● WHAT YOU NEED TO DO: Only one stretch of the data below is needed: the line with "Mirad a Barrichello;" through the last line. Output it exactly and drop the pictures.

● RECORDED INFORMATION:
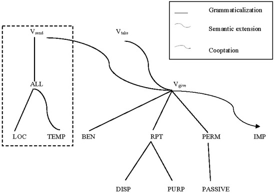 - Lord, Carol, Foong Ha Yap, and Shoichi Iwasaki. 2002. Grammaticalization of ‘give’: African and Asian perspectives. In New Reflections on Grammaticalization. Typological Studies in Language 49. Edited by Ilse Wischer and Gabriele Diewald. Amsterdam and Philadelphia: John Benjamins, pp. 217–35. [Google Scholar] [CrossRef]
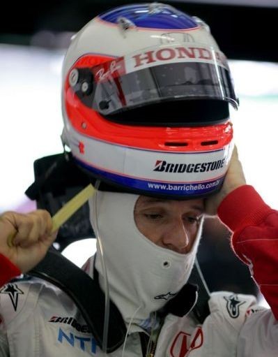 Mirad a Barrichello; parece que lleve sobre sus hombros el peso de toda la humanidad, y no simplemente un casco.
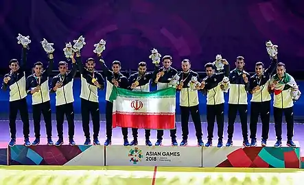 بازیکنان تیم ملی ایران بر سکوی قهرمانی بازیهای آسیایی ۲۰۱۸

● TASK RESULT:
 Mirad a Barrichello; parece que lleve sobre sus hombros el peso de toda la humanidad, y no simplemente un casco.
 بازیکنان تیم ملی ایران بر سکوی قهرمانی بازیهای آسیایی ۲۰۱۸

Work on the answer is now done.